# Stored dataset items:
● ● ● ● ● ● ●

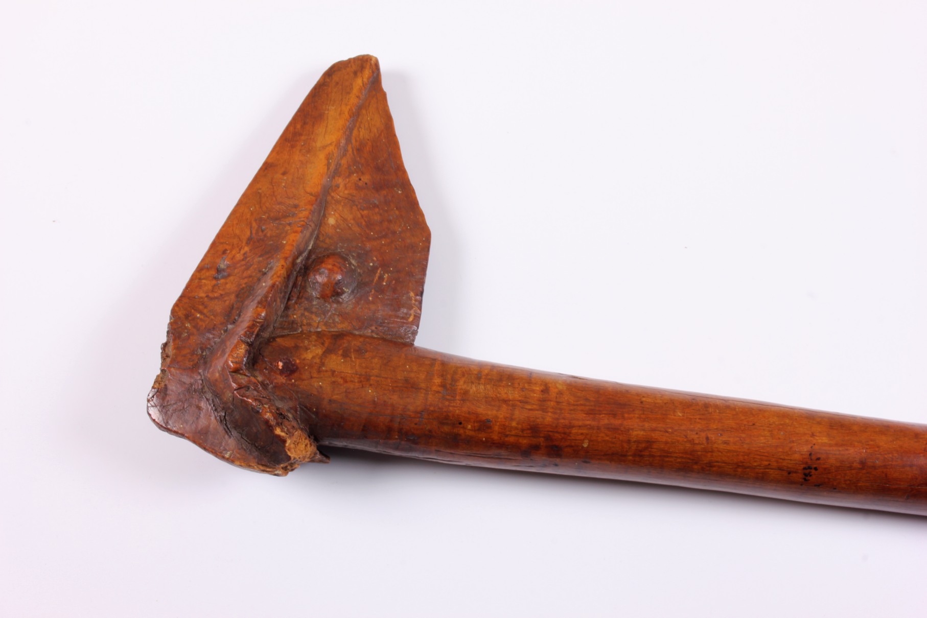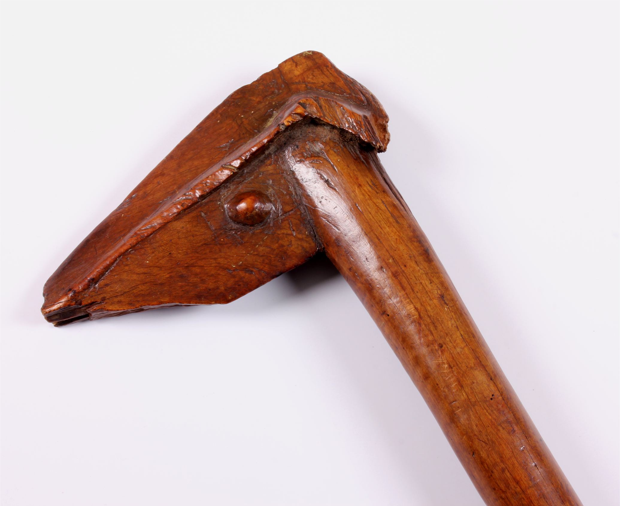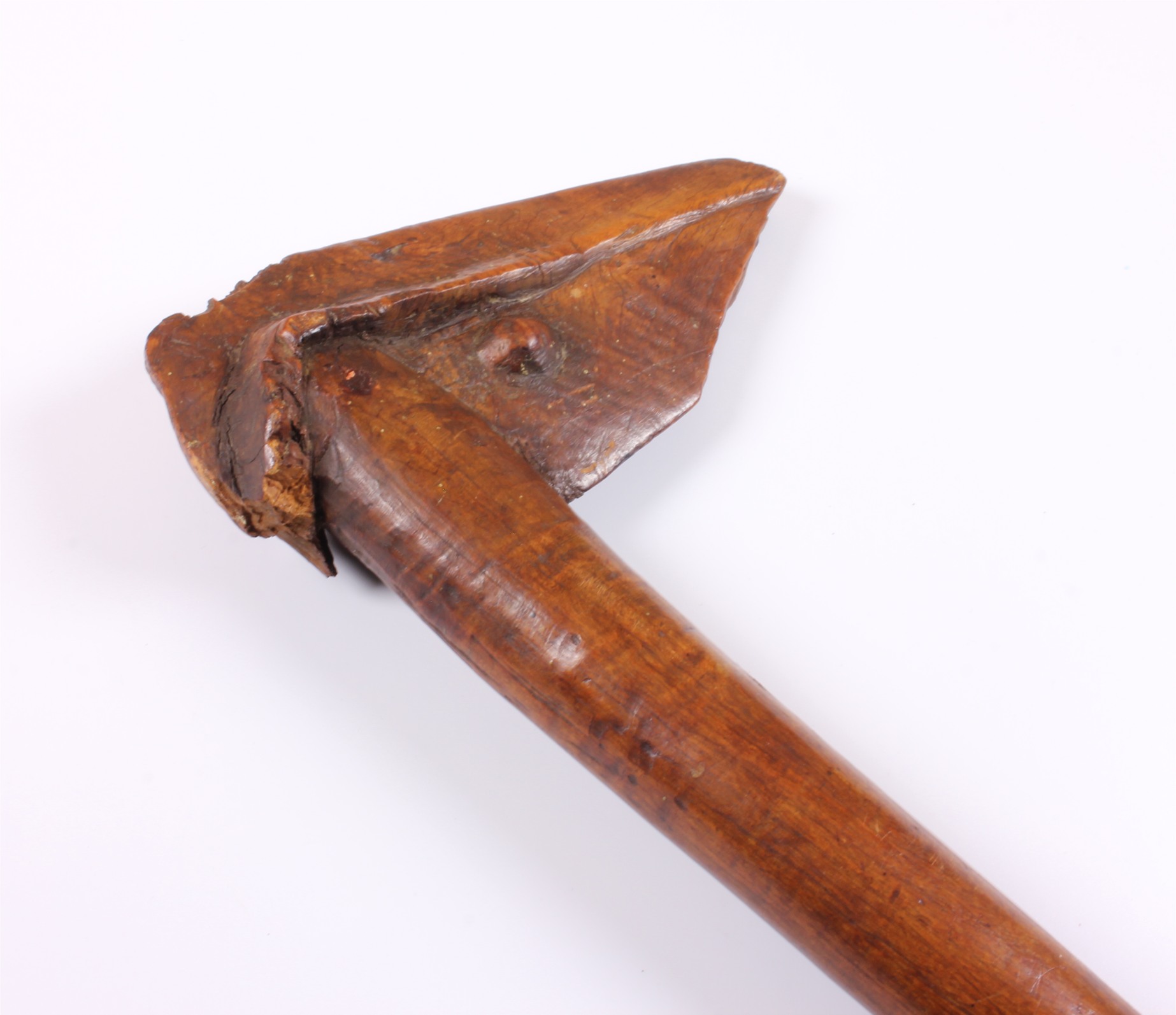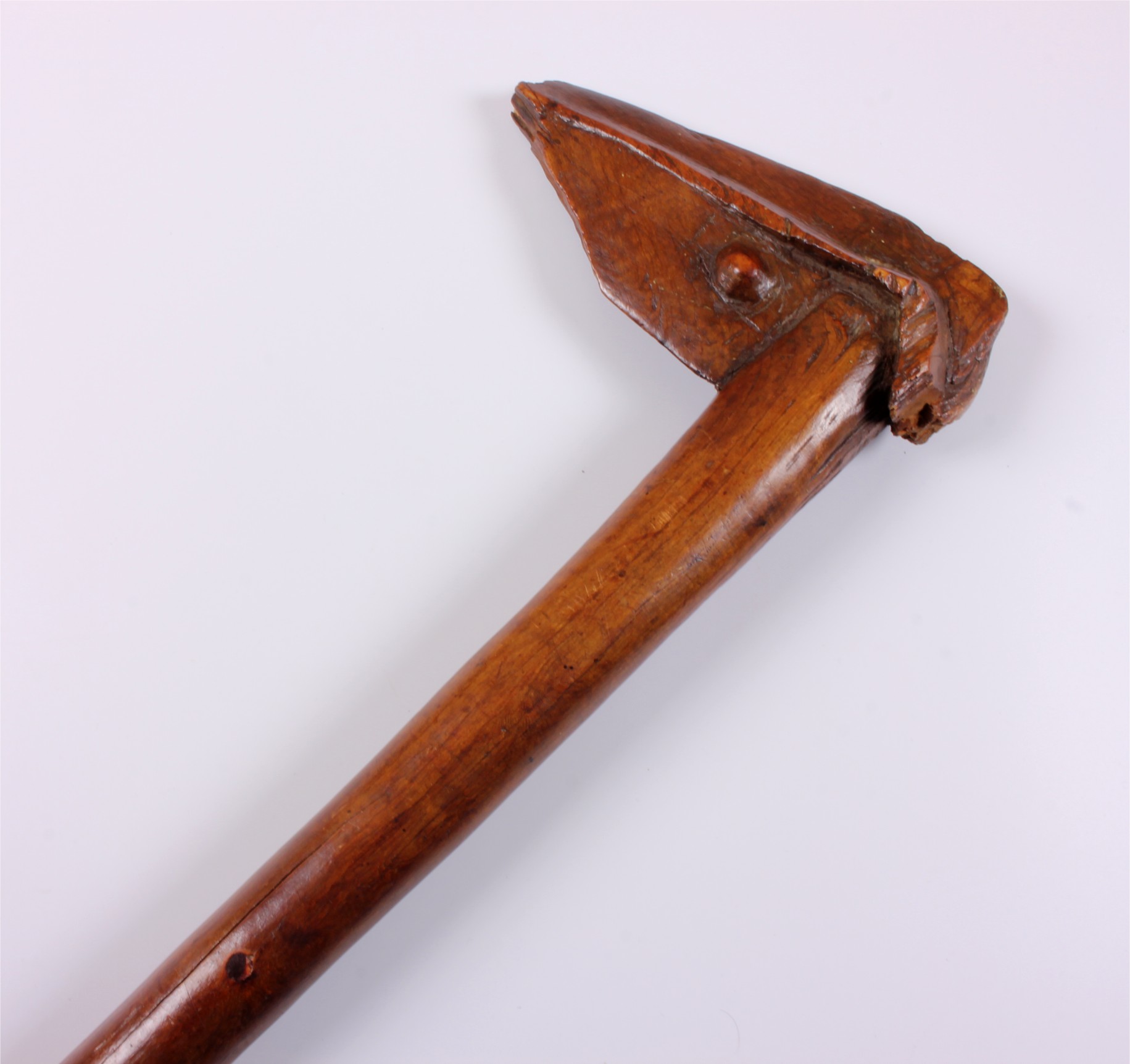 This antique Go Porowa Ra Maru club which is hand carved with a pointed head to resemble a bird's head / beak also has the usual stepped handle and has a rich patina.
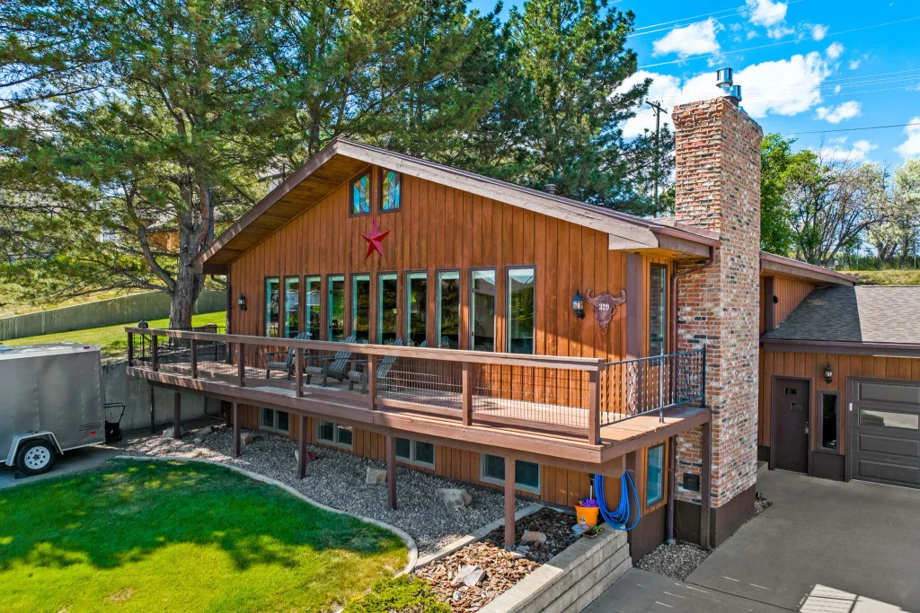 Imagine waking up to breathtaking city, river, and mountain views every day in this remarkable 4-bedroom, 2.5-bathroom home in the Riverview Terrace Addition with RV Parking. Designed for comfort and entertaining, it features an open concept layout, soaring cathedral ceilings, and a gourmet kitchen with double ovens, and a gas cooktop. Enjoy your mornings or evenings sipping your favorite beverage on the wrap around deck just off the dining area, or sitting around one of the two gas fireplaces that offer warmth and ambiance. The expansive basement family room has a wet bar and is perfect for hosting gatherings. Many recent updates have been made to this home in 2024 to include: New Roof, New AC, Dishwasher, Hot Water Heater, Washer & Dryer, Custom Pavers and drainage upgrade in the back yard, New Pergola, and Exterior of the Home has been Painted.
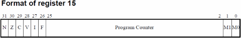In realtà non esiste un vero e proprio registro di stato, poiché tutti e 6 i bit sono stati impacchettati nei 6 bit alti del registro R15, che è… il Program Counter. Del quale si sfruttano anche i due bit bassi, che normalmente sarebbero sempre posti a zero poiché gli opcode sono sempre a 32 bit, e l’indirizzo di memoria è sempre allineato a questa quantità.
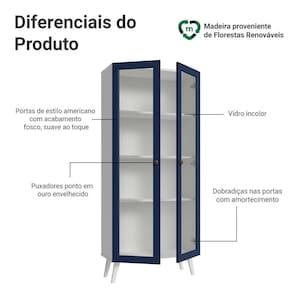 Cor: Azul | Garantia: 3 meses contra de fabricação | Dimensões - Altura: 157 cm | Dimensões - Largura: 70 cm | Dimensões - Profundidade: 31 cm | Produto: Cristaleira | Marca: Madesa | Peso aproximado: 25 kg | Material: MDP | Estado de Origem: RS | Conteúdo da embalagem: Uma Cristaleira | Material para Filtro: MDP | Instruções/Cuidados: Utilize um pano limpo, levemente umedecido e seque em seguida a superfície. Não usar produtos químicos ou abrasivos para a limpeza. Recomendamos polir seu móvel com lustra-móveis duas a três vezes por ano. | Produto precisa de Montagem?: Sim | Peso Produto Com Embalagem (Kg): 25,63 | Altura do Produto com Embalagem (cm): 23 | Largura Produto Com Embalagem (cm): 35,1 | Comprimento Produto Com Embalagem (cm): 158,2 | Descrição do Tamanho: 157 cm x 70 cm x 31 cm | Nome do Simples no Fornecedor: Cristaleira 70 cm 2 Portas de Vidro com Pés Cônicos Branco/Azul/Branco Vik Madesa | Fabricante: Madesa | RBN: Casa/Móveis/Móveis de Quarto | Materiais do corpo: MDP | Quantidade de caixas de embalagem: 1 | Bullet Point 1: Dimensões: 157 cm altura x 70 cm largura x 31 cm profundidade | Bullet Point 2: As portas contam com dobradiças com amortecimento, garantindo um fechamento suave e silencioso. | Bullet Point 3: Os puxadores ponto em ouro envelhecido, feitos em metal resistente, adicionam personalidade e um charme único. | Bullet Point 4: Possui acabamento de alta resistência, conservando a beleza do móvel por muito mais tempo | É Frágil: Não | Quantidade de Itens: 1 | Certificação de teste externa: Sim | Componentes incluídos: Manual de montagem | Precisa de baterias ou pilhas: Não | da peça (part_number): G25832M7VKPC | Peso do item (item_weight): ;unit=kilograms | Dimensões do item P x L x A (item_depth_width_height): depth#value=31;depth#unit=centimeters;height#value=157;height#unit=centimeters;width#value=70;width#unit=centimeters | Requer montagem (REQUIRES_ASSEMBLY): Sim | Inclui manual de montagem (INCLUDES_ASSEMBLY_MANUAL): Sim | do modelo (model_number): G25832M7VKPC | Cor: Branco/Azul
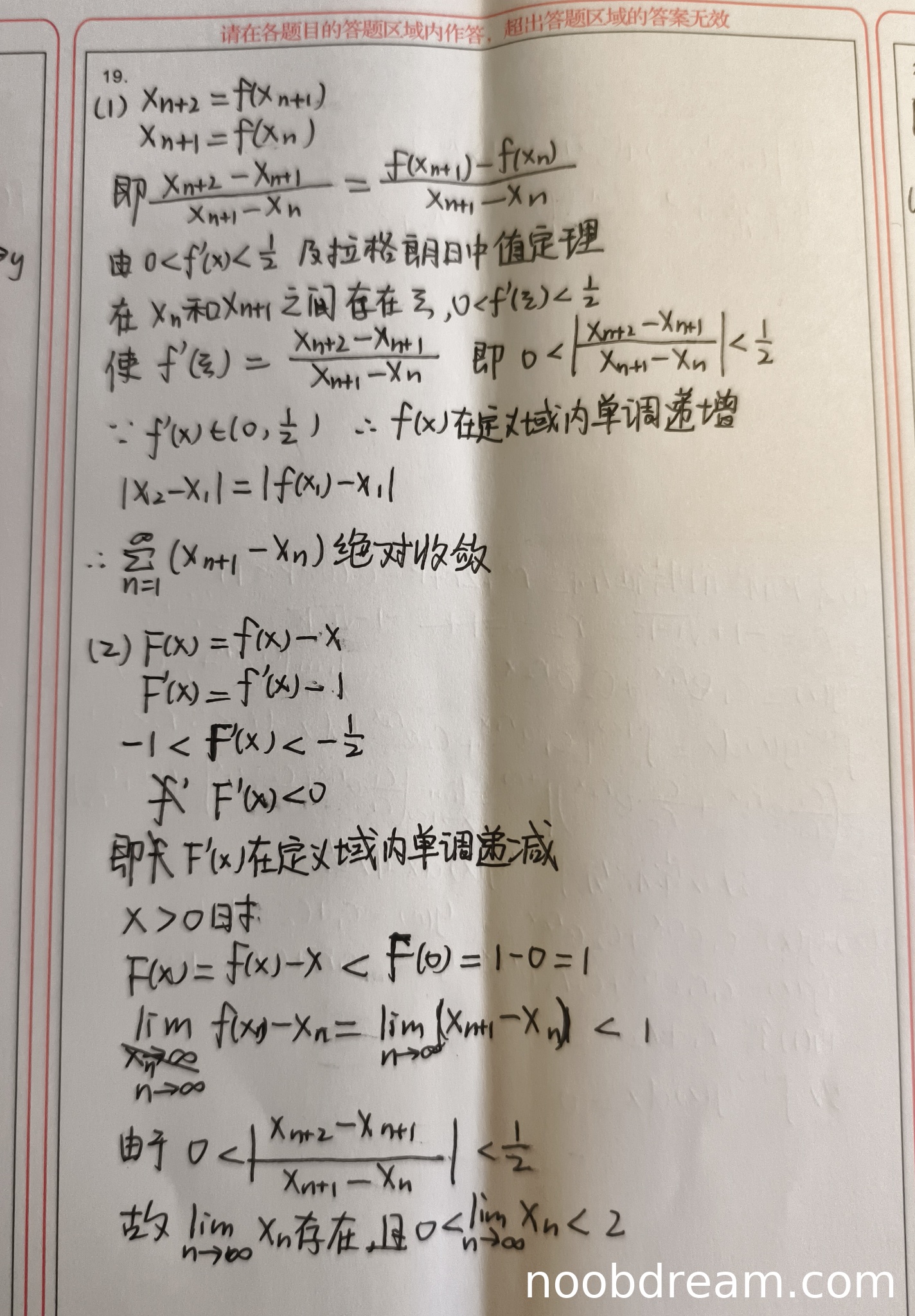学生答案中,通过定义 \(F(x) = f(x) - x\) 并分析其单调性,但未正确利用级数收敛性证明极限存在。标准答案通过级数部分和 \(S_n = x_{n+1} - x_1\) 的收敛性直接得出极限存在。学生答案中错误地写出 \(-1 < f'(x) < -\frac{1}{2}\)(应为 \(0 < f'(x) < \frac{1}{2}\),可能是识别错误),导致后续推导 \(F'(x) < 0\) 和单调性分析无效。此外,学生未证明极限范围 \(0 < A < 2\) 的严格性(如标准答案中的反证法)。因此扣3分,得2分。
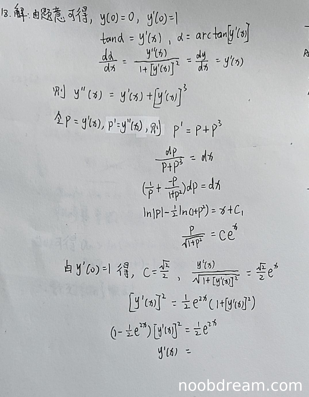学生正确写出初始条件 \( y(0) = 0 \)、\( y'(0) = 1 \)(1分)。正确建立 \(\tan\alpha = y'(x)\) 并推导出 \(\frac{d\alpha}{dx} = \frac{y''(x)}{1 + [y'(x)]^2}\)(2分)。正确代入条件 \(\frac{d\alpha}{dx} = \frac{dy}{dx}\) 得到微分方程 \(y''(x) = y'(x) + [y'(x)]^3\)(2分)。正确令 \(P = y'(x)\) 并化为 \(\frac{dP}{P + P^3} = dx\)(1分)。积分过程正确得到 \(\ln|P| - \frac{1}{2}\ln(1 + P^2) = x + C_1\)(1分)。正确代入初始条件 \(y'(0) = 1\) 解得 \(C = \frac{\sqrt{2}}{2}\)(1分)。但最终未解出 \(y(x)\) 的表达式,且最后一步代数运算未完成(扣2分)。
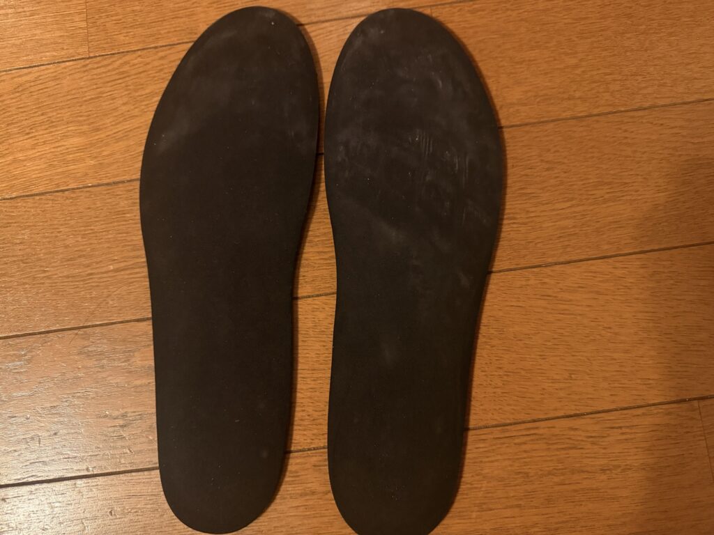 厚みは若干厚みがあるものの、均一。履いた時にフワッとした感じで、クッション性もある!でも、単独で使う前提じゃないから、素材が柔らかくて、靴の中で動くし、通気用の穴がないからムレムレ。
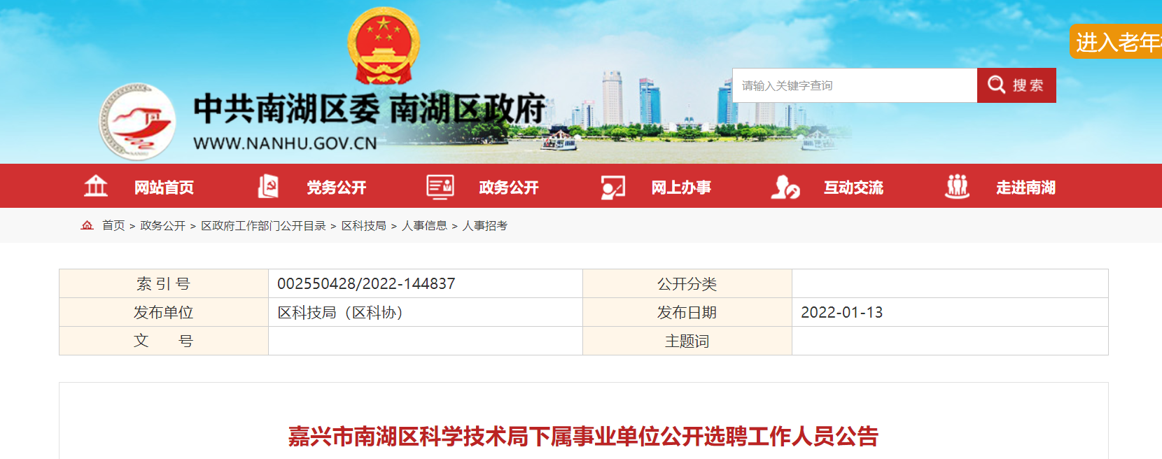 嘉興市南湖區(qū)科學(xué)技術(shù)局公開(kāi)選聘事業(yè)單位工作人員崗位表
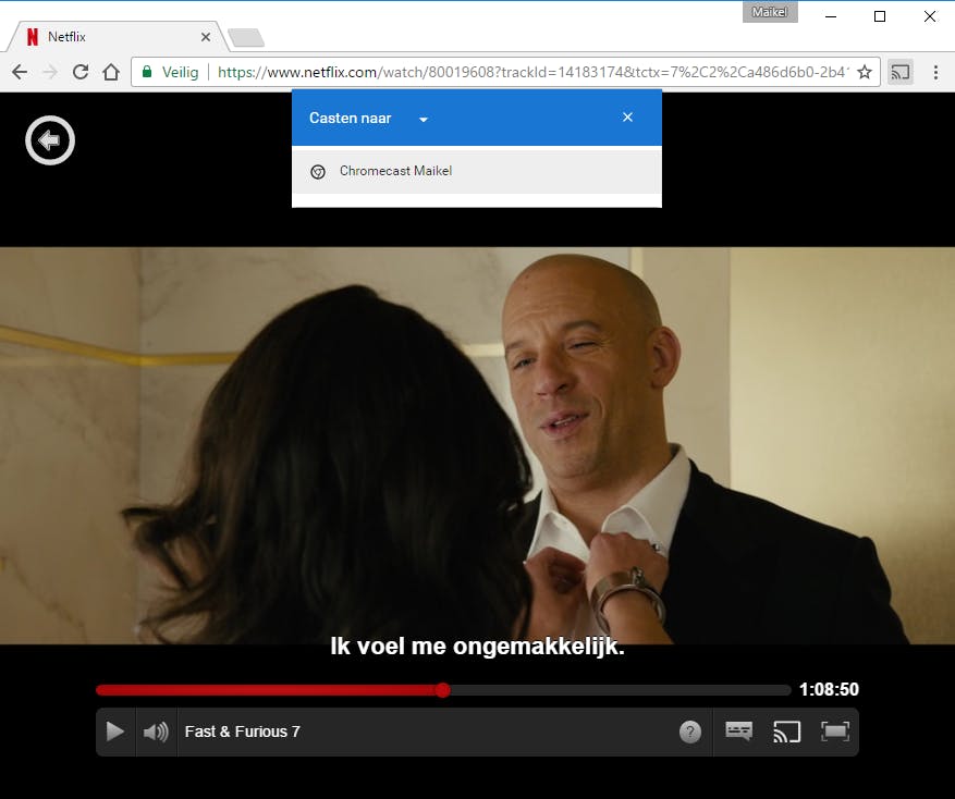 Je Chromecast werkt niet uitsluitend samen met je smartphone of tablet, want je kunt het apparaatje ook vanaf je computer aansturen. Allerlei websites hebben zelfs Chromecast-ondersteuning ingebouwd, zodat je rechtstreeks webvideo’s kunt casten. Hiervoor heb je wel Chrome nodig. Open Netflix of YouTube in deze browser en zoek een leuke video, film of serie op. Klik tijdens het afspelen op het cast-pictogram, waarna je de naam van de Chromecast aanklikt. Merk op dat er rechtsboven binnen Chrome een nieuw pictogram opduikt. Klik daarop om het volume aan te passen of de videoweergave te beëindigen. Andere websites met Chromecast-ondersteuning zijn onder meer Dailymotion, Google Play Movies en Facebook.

● ● ● ● ● ● ●

# Task brief:
Find the line with "学生正确写出初始条件 \( y(0)". Reproduce it and every line after it through the last line above exactly, leaving out the pictures.

# Expected answer:
学生正确写出初始条件 \( y(0) = 0 \)、\( y'(0) = 1 \)(1分)。正确建立 \(\tan\alpha = y'(x)\) 并推导出 \(\frac{d\alpha}{dx} = \frac{y''(x)}{1 + [y'(x)]^2}\)(2分)。正确代入条件 \(\frac{d\alpha}{dx} = \frac{dy}{dx}\) 得到微分方程 \(y''(x) = y'(x) + [y'(x)]^3\)(2分)。正确令 \(P = y'(x)\) 并化为 \(\frac{dP}{P + P^3} = dx\)(1分)。积分过程正确得到 \(\ln|P| - \frac{1}{2}\ln(1 + P^2) = x + C_1\)(1分)。正确代入初始条件 \(y'(0) = 1\) 解得 \(C = \frac{\sqrt{2}}{2}\)(1分)。但最终未解出 \(y(x)\) 的表达式,且最后一步代数运算未完成(扣2分)。
 厚みは若干厚みがあるものの、均一。履いた時にフワッとした感じで、クッション性もある!でも、単独で使う前提じゃないから、素材が柔らかくて、靴の中で動くし、通気用の穴がないからムレムレ。
 嘉興市南湖區(qū)科學(xué)技術(shù)局公開(kāi)選聘事業(yè)單位工作人員崗位表
 Je Chromecast werkt niet uitsluitend samen met je smartphone of tablet, want je kunt het apparaatje ook vanaf je computer aansturen. Allerlei websites hebben zelfs Chromecast-ondersteuning ingebouwd, zodat je rechtstreeks webvideo’s kunt casten. Hiervoor heb je wel Chrome nodig. Open Netflix of YouTube in deze browser en zoek een leuke video, film of serie op. Klik tijdens het afspelen op het cast-pictogram, waarna je de naam van de Chromecast aanklikt. Merk op dat er rechtsboven binnen Chrome een nieuw pictogram opduikt. Klik daarop om het volume aan te passen of de videoweergave te beëindigen. Andere websites met Chromecast-ondersteuning zijn onder meer Dailymotion, Google Play Movies en Facebook.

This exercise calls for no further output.